How to complete this task — A verbatim copy of the records below, pictures omitted, is the task.

Records from a data source
○ ○ ○

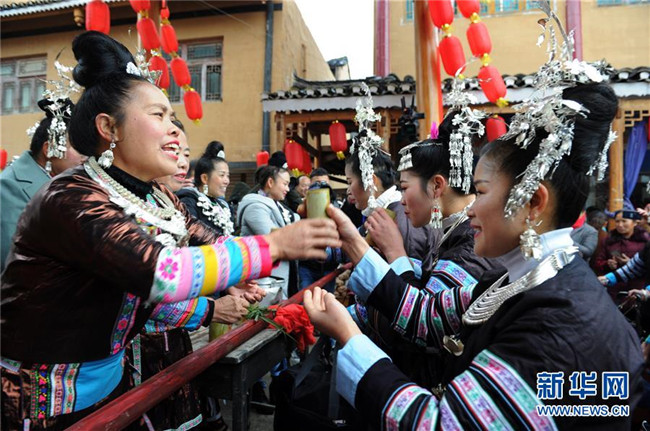 12月9日,貴州省黎平縣中潮鎮(zhèn)佳所侗寨的村民在攔門敬酒。 新華社發(fā)(楊文斌 攝)
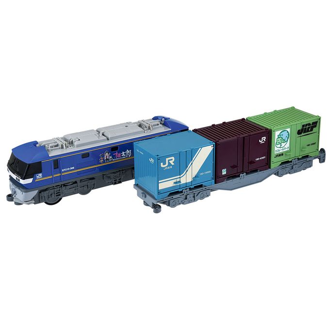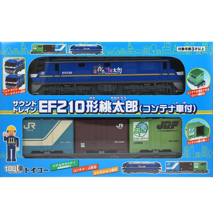 ・摩擦行走設計(火車頭)・滑行設計(貨車)・電源 ON/OFF 開關・逼真音效・音量調節功能(兩段式)・車頭燈・尾燈・貨櫃鎖定功能・附連結器・附3個貨櫃・附1個人偶
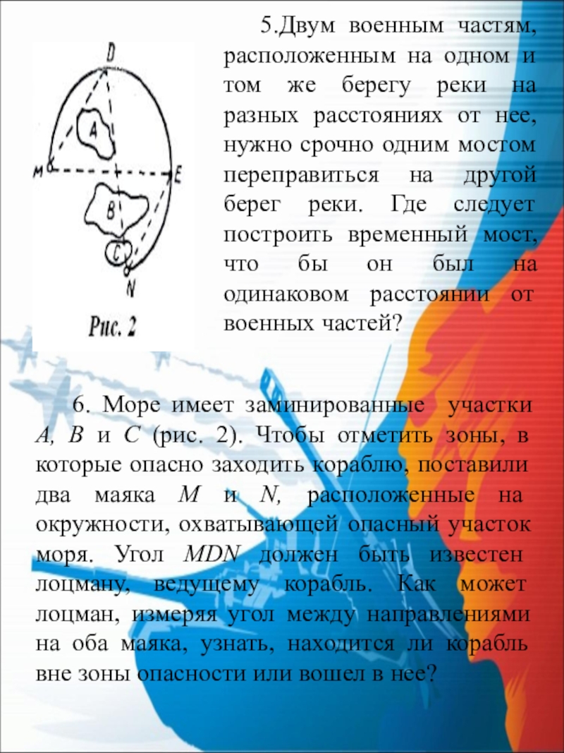 6. Море имеет заминированные участки А, В и С (рис. 2). Чтобы отметить зоны, в которые опасно заходить кораблю, поставили два маяка М и N, расположенные на окружности, охватывающей опасный участок моря. Угол MDN должен быть известен лоцману, ведущему корабль. Как может лоцман, измеряя угол между направлениями на оба маяка, узнать, находится ли корабль вне зоны опасности или вошел в нее?
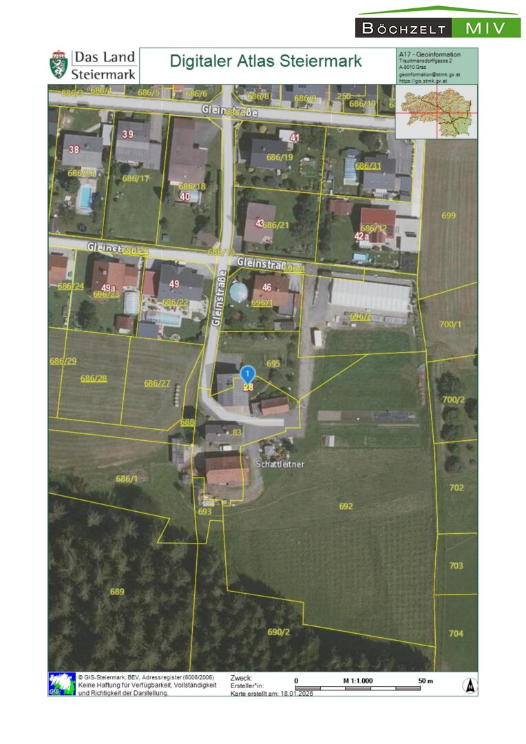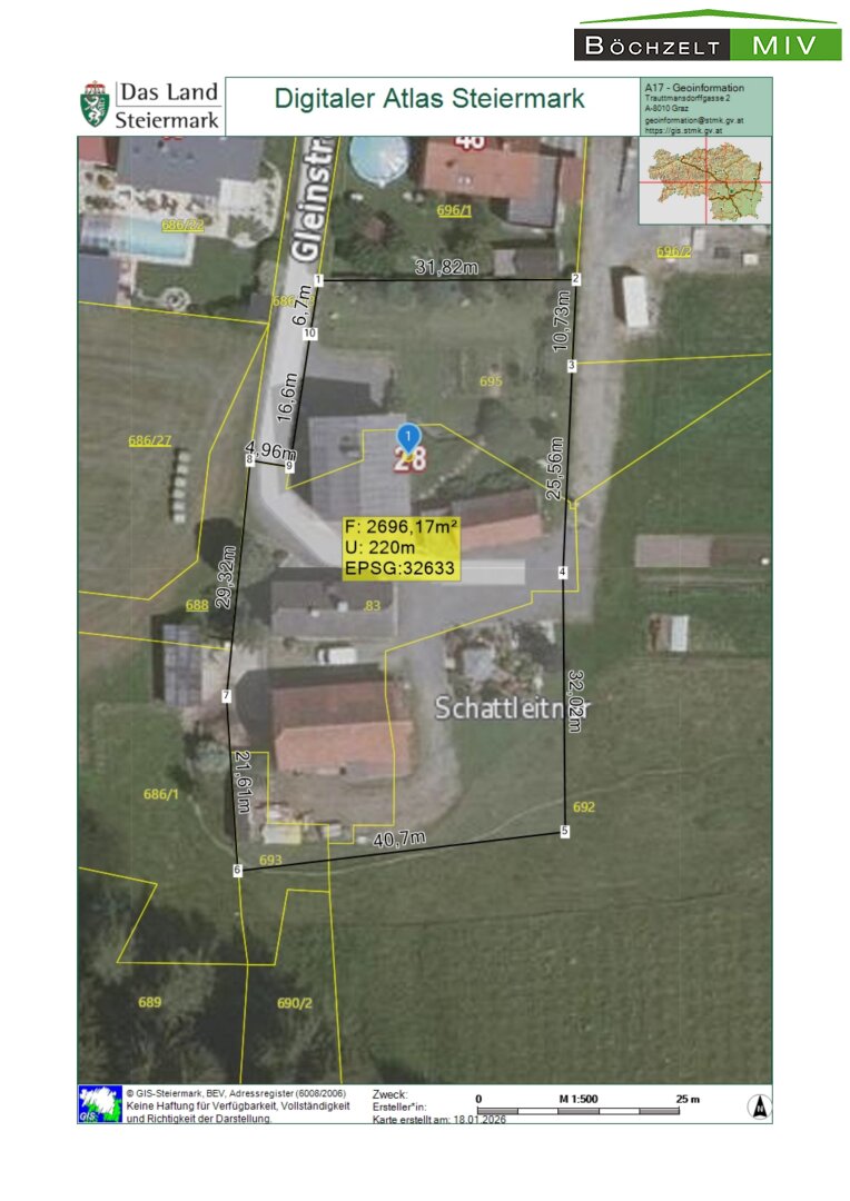Die knapp 2.700 m² große Liegenschaft liegt zur Gänze im Freiland, ist allerdings an die öffentlichen Versorgungsträger angeschlossen (Wasser, Kanal, Strom, Gas). Bei Bedarf können noch weitere angrenzende Grünlandflächen (ca. 6.500 m²) bzw. ein knapp 300 m² großes Gewächshaus dazu gepachtet werden. Der Verkauf ist gemäß § 6 Abs 2 Z 7 Steiermärkisches Grundverkehrsgesetz vom Grundverkehrsgesetz ausgenommen, weshalb auch Nicht-Landwirte diese Liegenschaft erwerben können.
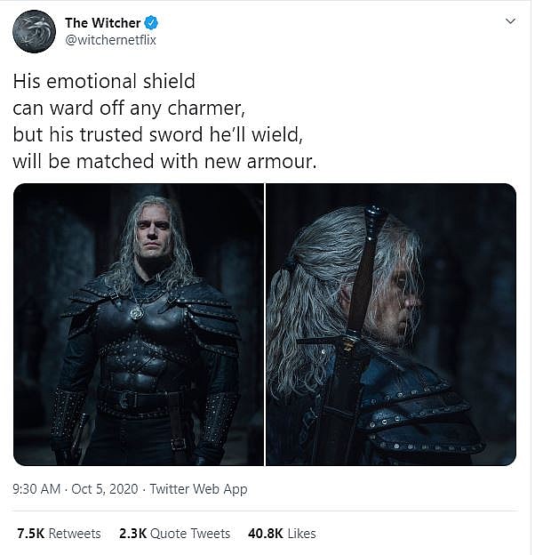On Twitter, Netflix would also reveal new photos of Henry Cavill’s Geralt of Rivia. Along with the photos they added, “His emotional shield can ward off any charmer, but his trusted sword he’ll wield, will be matched with new armour.”
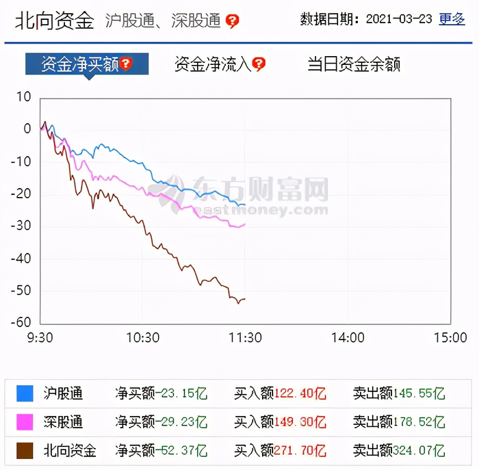 【北向资金加速流出 净流出52亿元】北向资金早盘持续流出,截至目前,净流出52.37亿元。
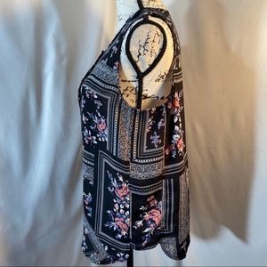 Violet & Claire Scooped Neck Half Button Down Floral Print Blouse Sz L
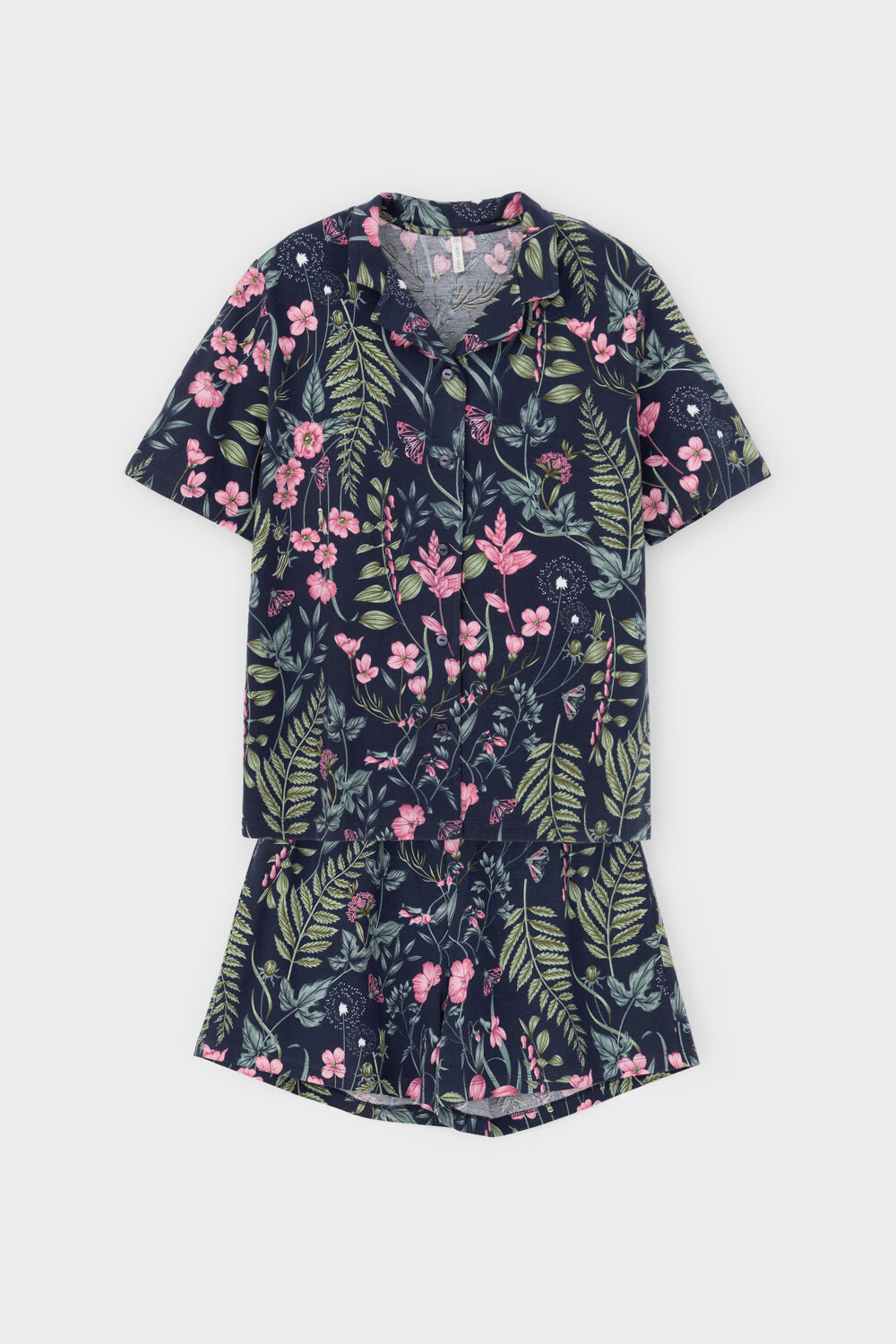 Комплект для комфортного сна из набивного трикотажа с нежным рисунком из 100% натурального хлопка. Рубашка с короткими рукавами на пуговицах. Шорты с мягким поясом на резинке. Гладкий материал приятен к телу, не теряет форму и позволяет коже дышать.
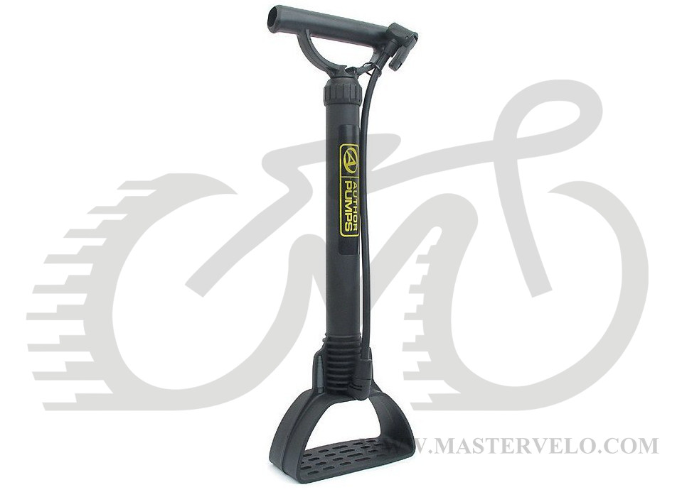 Насос напольный F04 с шлангом, корпус насоса пластиковый с платформой для удерживания насоса ногой при накачке, с приспосабливаемой головкой под все виды AV / FV / DV вентилей с рычагом фиксации для жесткого крепления к вентилю, черный, вес 430 гр.
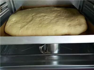 5、放入烤箱按发酵键进行最后发酵。烤箱底部中间加一碗开水,过程中可以开门换一次开水,如果面团表面很干,可以轻轻喷一层水,直到面团发酵到两倍大。
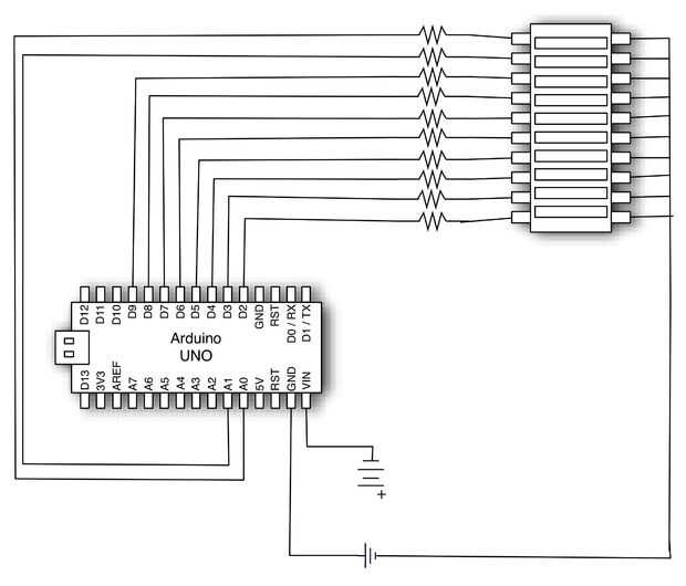 Utilice clavijas 2-9 para los primeros 8 LEDS y pins 14,15 para los dos últimos. Pines 10 al 13 se utilizan para el shield ethernet y por lo tanto están fuera de sus límites.
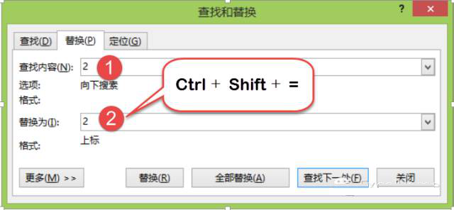 替换栏中输入2,按【Ctrl+Shift+=】快速切换为上标。然后点击全部替换。
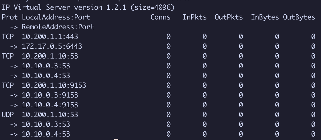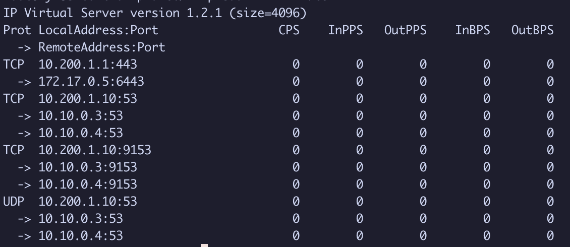 이 출력은 IP Virtual Server(IPVS)에서 관리하는 연결과 네트워크 성능 정보를 보여줍니다. Prot는 사용 중인 프로토콜(TCP 또는 UDP)을 나타내며, LocalAddress는 가상 서버(로드 밸런서)의 IP 주소와 포트를 나타냅니다. CPS는 초당 생성된 연결 수를 의미하며, InPPS와 OutPPS는 각각 초당 수신된 패킷과 전송된 패킷 수를 나타냅니다. InBPS와 OutBPS는 초당 수신 및 전송된 데이터의 바이트 수를 나타내며, 이를 통해 실시간 네트워크 트래픽과 성능을 모니터링할 수 있습니다. 마지막으로, RemoteAddress는 백엔드 서버의 IP 주소와 포트를 나타내며, 로드 밸런서가 트래픽을 전달하는 대상 서버입니다.
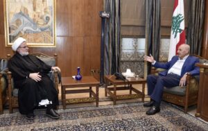 وأضاف : اليوم أجريت لقاءات مع فخامة رئيس الجمهورية ووزير الخارجية ودولة رئيس مجلس النواب الموقر الأستاذ نبيه بري وأمس التقيت وزير الاقتصاد ومن المفترض أن أكمل اللقاءات القادمة مع رئيس الحكومة ، ولا يفوتني إلا أن أذكر وأشير إلى اللقاء الذي جمعني مع سماحة مفتي الجمهورية اللبنانية ورئيس المجلس الإسلامي الشيعي الأعلى .
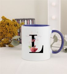 L Harfi Çiçek Desenli Lacivert Kupa Bardak
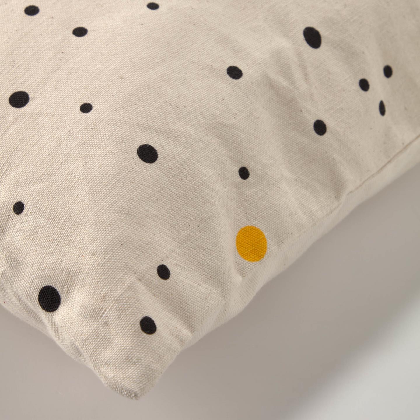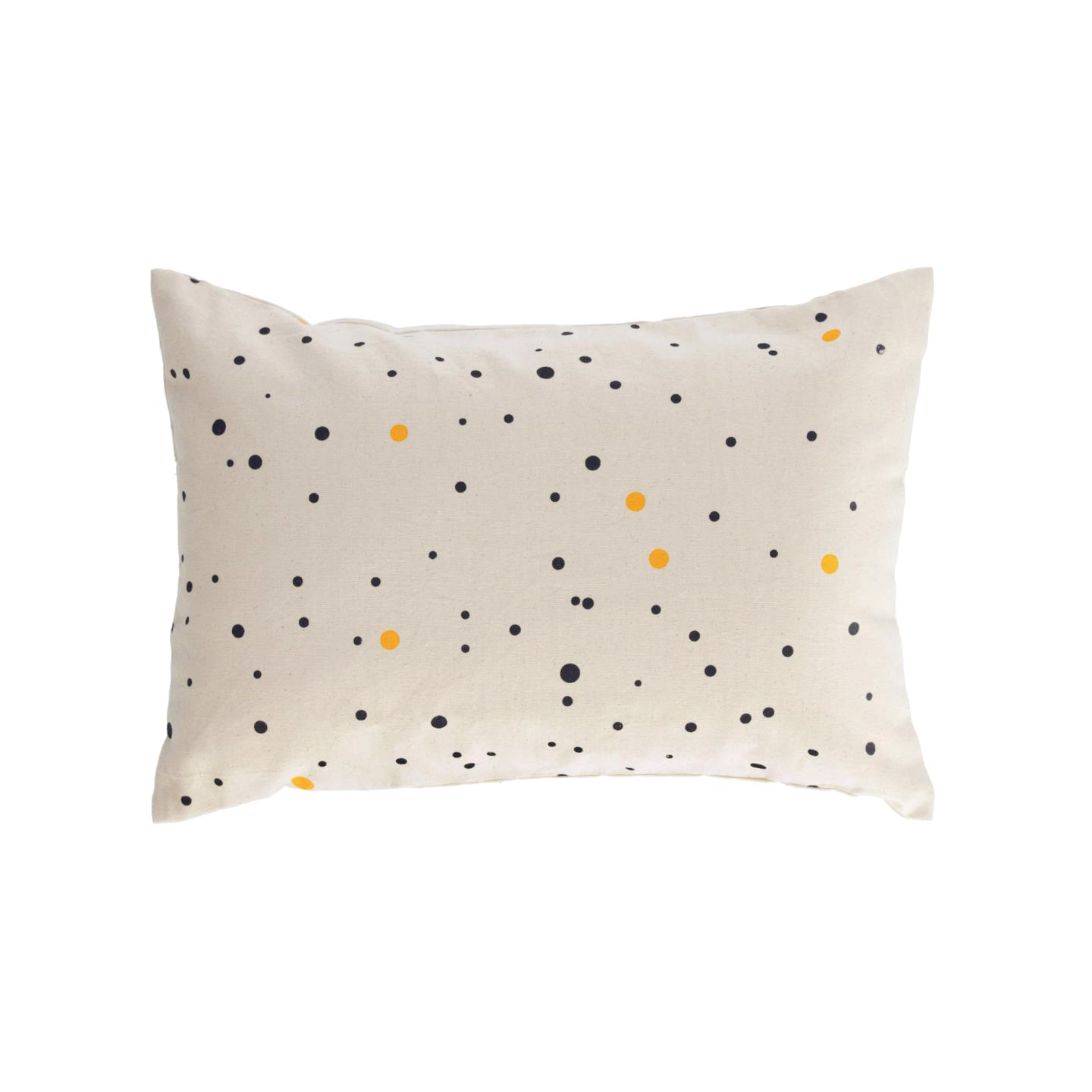 Travesseiro retangular bege com bolinhas pretas e amarelas.

○ ○ ○

Reply to the task —
 12月9日,貴州省黎平縣中潮鎮(zhèn)佳所侗寨的村民在攔門敬酒。 新華社發(fā)(楊文斌 攝)
 ・摩擦行走設計(火車頭)・滑行設計(貨車)・電源 ON/OFF 開關・逼真音效・音量調節功能(兩段式)・車頭燈・尾燈・貨櫃鎖定功能・附連結器・附3個貨櫃・附1個人偶
 6. Море имеет заминированные участки А, В и С (рис. 2). Чтобы отметить зоны, в которые опасно заходить кораблю, поставили два маяка М и N, расположенные на окружности, охватывающей опасный участок моря. Угол MDN должен быть известен лоцману, ведущему корабль. Как может лоцман, измеряя угол между направлениями на оба маяка, узнать, находится ли корабль вне зоны опасности или вошел в нее?
Die knapp 2.700 m² große Liegenschaft liegt zur Gänze im Freiland, ist allerdings an die öffentlichen Versorgungsträger angeschlossen (Wasser, Kanal, Strom, Gas). Bei Bedarf können noch weitere angrenzende Grünlandflächen (ca. 6.500 m²) bzw. ein knapp 300 m² großes Gewächshaus dazu gepachtet werden. Der Verkauf ist gemäß § 6 Abs 2 Z 7 Steiermärkisches Grundverkehrsgesetz vom Grundverkehrsgesetz ausgenommen, weshalb auch Nicht-Landwirte diese Liegenschaft erwerben können.
On Twitter, Netflix would also reveal new photos of Henry Cavill’s Geralt of Rivia. Along with the photos they added, “His emotional shield can ward off any charmer, but his trusted sword he’ll wield, will be matched with new armour.”
 【北向资金加速流出 净流出52亿元】北向资金早盘持续流出,截至目前,净流出52.37亿元。
 Violet & Claire Scooped Neck Half Button Down Floral Print Blouse Sz L
 Комплект для комфортного сна из набивного трикотажа с нежным рисунком из 100% натурального хлопка. Рубашка с короткими рукавами на пуговицах. Шорты с мягким поясом на резинке. Гладкий материал приятен к телу, не теряет форму и позволяет коже дышать.
 Насос напольный F04 с шлангом, корпус насоса пластиковый с платформой для удерживания насоса ногой при накачке, с приспосабливаемой головкой под все виды AV / FV / DV вентилей с рычагом фиксации для жесткого крепления к вентилю, черный, вес 430 гр.
 5、放入烤箱按发酵键进行最后发酵。烤箱底部中间加一碗开水,过程中可以开门换一次开水,如果面团表面很干,可以轻轻喷一层水,直到面团发酵到两倍大。
 Utilice clavijas 2-9 para los primeros 8 LEDS y pins 14,15 para los dos últimos. Pines 10 al 13 se utilizan para el shield ethernet y por lo tanto están fuera de sus límites.
 替换栏中输入2,按【Ctrl+Shift+=】快速切换为上标。然后点击全部替换。
 이 출력은 IP Virtual Server(IPVS)에서 관리하는 연결과 네트워크 성능 정보를 보여줍니다. Prot는 사용 중인 프로토콜(TCP 또는 UDP)을 나타내며, LocalAddress는 가상 서버(로드 밸런서)의 IP 주소와 포트를 나타냅니다. CPS는 초당 생성된 연결 수를 의미하며, InPPS와 OutPPS는 각각 초당 수신된 패킷과 전송된 패킷 수를 나타냅니다. InBPS와 OutBPS는 초당 수신 및 전송된 데이터의 바이트 수를 나타내며, 이를 통해 실시간 네트워크 트래픽과 성능을 모니터링할 수 있습니다. 마지막으로, RemoteAddress는 백엔드 서버의 IP 주소와 포트를 나타내며, 로드 밸런서가 트래픽을 전달하는 대상 서버입니다.
 وأضاف : اليوم أجريت لقاءات مع فخامة رئيس الجمهورية ووزير الخارجية ودولة رئيس مجلس النواب الموقر الأستاذ نبيه بري وأمس التقيت وزير الاقتصاد ومن المفترض أن أكمل اللقاءات القادمة مع رئيس الحكومة ، ولا يفوتني إلا أن أذكر وأشير إلى اللقاء الذي جمعني مع سماحة مفتي الجمهورية اللبنانية ورئيس المجلس الإسلامي الشيعي الأعلى .
 L Harfi Çiçek Desenli Lacivert Kupa Bardak
 Travesseiro retangular bege com bolinhas pretas e amarelas.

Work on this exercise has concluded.